Tactics to prevent legacy software from slowing down innovation
This is an excerpt from the draft of “the second edition” of my Cloud Native Journey PDF. Check out the rest of the work in progress and tell me what you think!
Digital transformation is about rethinking those legacy business processes and doing stuff in a new way. -Marc Geall, SAP
I like to think of legacy software as any software you’re afraid to change, but must change. The exact age or technology of the system is less important than that fear of change. You fear changing it because you don’t have a reliable and/or trustworthy enough way to test if your changes broke the software, or other services that rely on the legacy software. If you have software that you have to change, but are happy to change, you usually just call that “software.” And, of course, if you don’t have to change the software, who cares?
When people talk about “dealing with legacy,” there’s usually four buckets of concern:
- Transforming legacy process — changing your approach for software creation and delivery.
- Revitalizing legacy code — fixing issues in your software, the code and the architecture, that prevent you from making changing as quickly and cost effectively as you’d like.
- Living with legacy — integrating with “legacy services” that you cannot change, at least change as quickly as your core software evolves.
- Avoiding legacy pitfalls — putting effective portfolio management in place to prevent getting saddled by legacy in the first place.
The first bucket is what much of the discussion in this paper is about: changing how an organization thinks about, organizes, and then executes on software as a whole.
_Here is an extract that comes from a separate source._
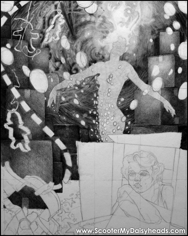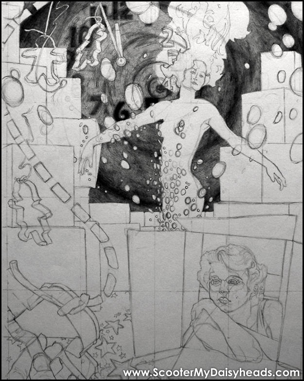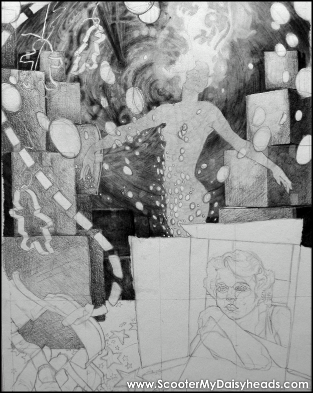 The boxes have me ALL tied up in fits. Once again, there are millions of hardcopy printouts littering the studio as I try to figure out what is UP with these boxes. Initially, they were visualized as an almost abstract, very graphic pattern. There was even a point where they were the pieces of a broken apart chessboard (black and white squares waylaid). BUT....my gut (or my fingers? the pencil?) is/are saying otherwise. Another departure from routine: usually the artwork is drawn from the upper left hand corner down... to keep smudging to a minimum. That is DEFinitely NOT happening here. We're talking complete helter-skelter-ishness. CHAOS. Jeez. This was SUPPOSED to be a very SIMPLE (surreal) sketch. Guess NOT.

Let’s take a look at the rest of the issues.
Revitalizing Legacy Code
One of the more popular definitions of legacy code comes from Michael Feathers’ classic in the field, Working Effectively With Legacy Code: “legacy code is simply code without tests.” Most code will need to be changed regularly, and when you change code, you need to run tests — to verify not only that the code works, but that your new code didn’t negatively affect existing behavior. If you have good test coverage and a good continuous integration and delivery processes in place, changing code is not that big of a deal and you probably won’t think of your code as legacy. Without adequate, automated testing, however, things are going to go poorly.
Thus, one of the first steps with legacy code is come up with a testing strategy. The challenge, as Feathers points out, is going to be testing your code without having to change your code to make testing possible. Or, as Feathers summarizes:
The Legacy Code Dilemma
When we change code, we should have tests in place. To put tests in place, we often have to change code.
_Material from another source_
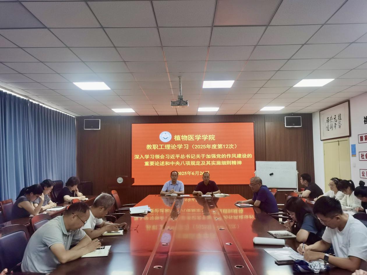 6月26日,tyc7111cc太阳成集团在学院会议室开展2025年度第12次教职工理论学习,深入学习领会习近平总书记关于加强党的作风建设的重要论述和中央八项规定及其实施细则精神。会议由学院党委书记韩强主持,全体教职工参加。

Feathers’ book is 456 pages of strategies for dealing with this paradox that I won’t summarize here. What I want to emphasize is that, until you have sufficient test coverage, you’re going to be hampered. In other words, this is one of those pesky prerequisites for being a successful Cloud Native enterprise.
If you code lacks good test coverage, and especially if you don’t have build pipelines in place, you likely won’t be able to fix all of the problems at once. This is especially true in a large organization. Gary Gruver, in Start and Scaling DevOps in the Enterprise, describes a process to incrementally tackling these problem while still moving towards the goal of thorough testing and build automation. Once you’ve introduced proper CI/CD you have a policy in place that stops failing builds from progressing down the pipeline; the product teams are responsible for making sure the builds don’t break, the tests pass, and their code integrates with the rest of the system. When bringing in new code, you can’t test everything at once, so instead you choose some key build acceptance tests (BATs) as a starting point for increasing test coverage. As you find failures in the build and integration, you write more BATs around those failures. These failures may be in the code, the infrastructure, or elsewhere. The point is, as you discover problems, you stop everything, write a test, and fix the issue.
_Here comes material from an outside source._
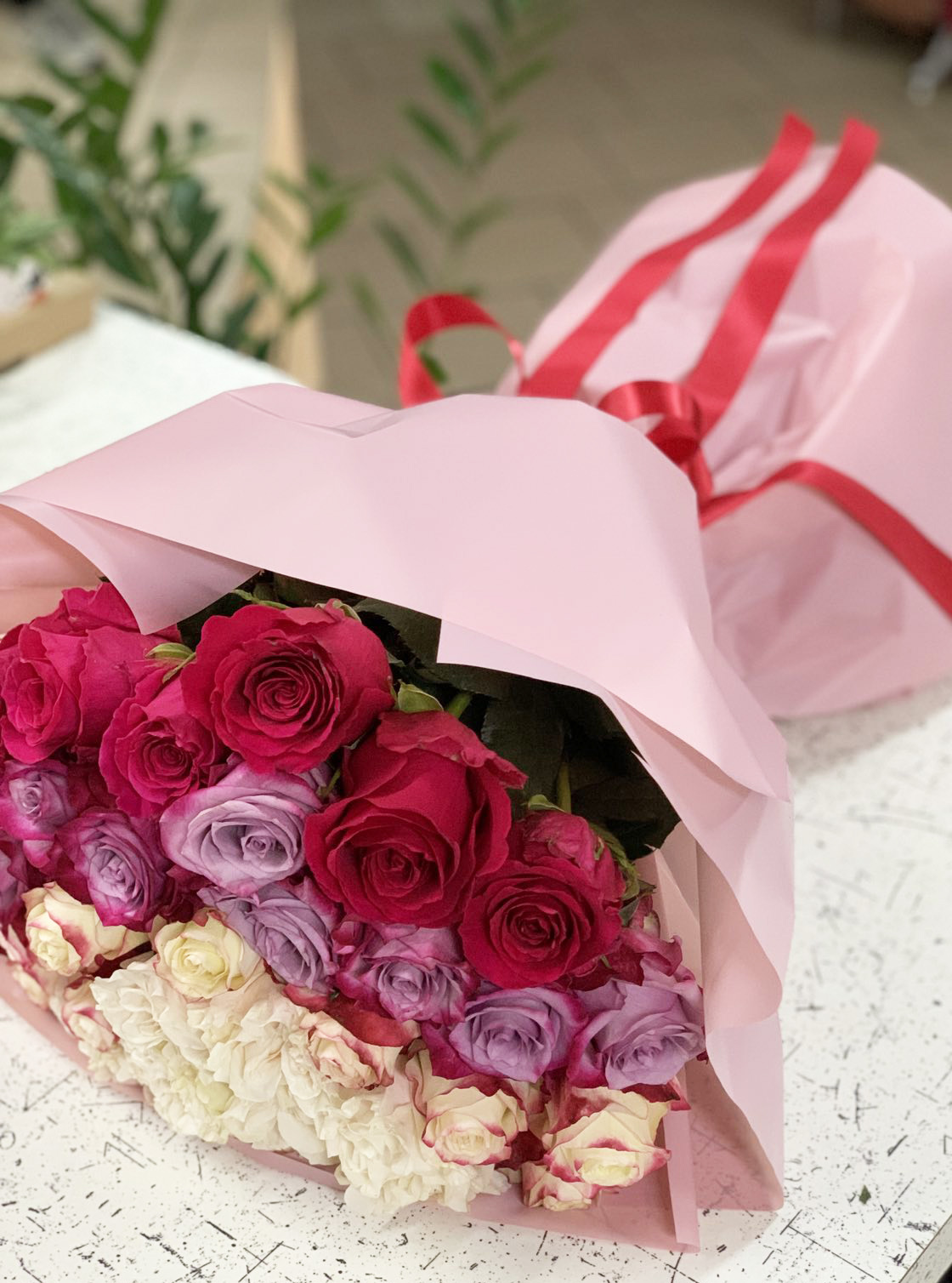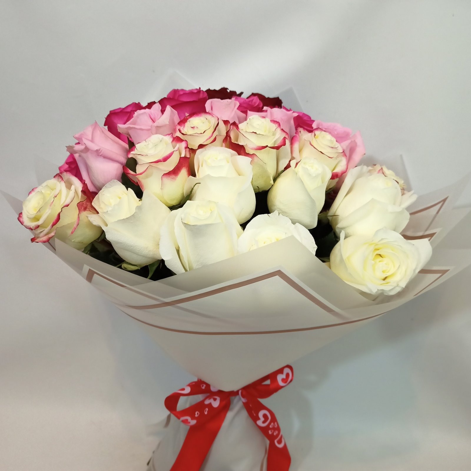 This bouquet looks perfect with short or medium roses length about 50-60cm.

Coupled with the code level changes Feathers describes, this long, trying process of building out your build pipeline tests allows you to discover what needs to be tested and build up the confidence in your test coverage to start making changes more fearlessly.
This type of work is tedious and can be disheartening. But if you want to improve how you do software, proper test coverage of your code and automation thereof in your pipeline are table stakes.
Living with legacy
In many cases, you have no control over legacy software and services. You’re “forced” to use them and rely on them. Think of external systems like airline and hotel booking platforms, or at the infrastructure layer networking and CDN configuration. When you can’t directly or quickly modernize these legacy systems, you need to put in a scheme to quarantine these systems and, longer term, a scheme to modernize or replace them.
Fork-lift with caution
People often dream of “lift-and-shift” schemes where-in software is simply boxed up and moved to new, better environments. This may be the case with simple, well written, and low priority applications, but in many cases, simply “lifting and shifting” is chimera of improvement. As Forrester’s John Rymer points out, this approach looks the easiest but has the worst long-term payoff. This is because simply changing how you manage the lifecycle of the application without changing the application itself can limit the benefits of a DevOps-driven approach, namely, the ability to quickly add new features while maintaining a high level of availability in production. Evaluate these so called “forklift” fixes carefully: they could be exceeding easy, or deceptively disastrous.
Strangling with APIs
The first step is to properly “hide” legacy services behind APIs, shifting all of your code over to using those APIs that you control. At first, and perhaps forever, these will just be “pass through” calls, but they give you an important architectural optionality: you can selectively replace what happens when those APIs are called. Now, this is a pattern as old as time in software development, what’s important is to actively garden that optionality rather than thinking that one day you might just magically “swap out the implementation.”
The “strangler pattern” describes this gardening over time. You create APIs as a front-end to legacy services and processes, and slowly start replacing various subcomponents of those legacy systems. At first, all of the actual work will be done by the legacy service, but just like a strangler vine, your new code will take over slowly until the legacy code is no longer used, rotting out and leaving just the new code. This slow and steady pace generally makes this a safe, time conscious approach to working with and then modernizing legacy services. This pattern is covered numerous places, including Matt Stines’ book on migrating to Cloud Native applications, which contains numerous other approaches for modernizing legacy architectures.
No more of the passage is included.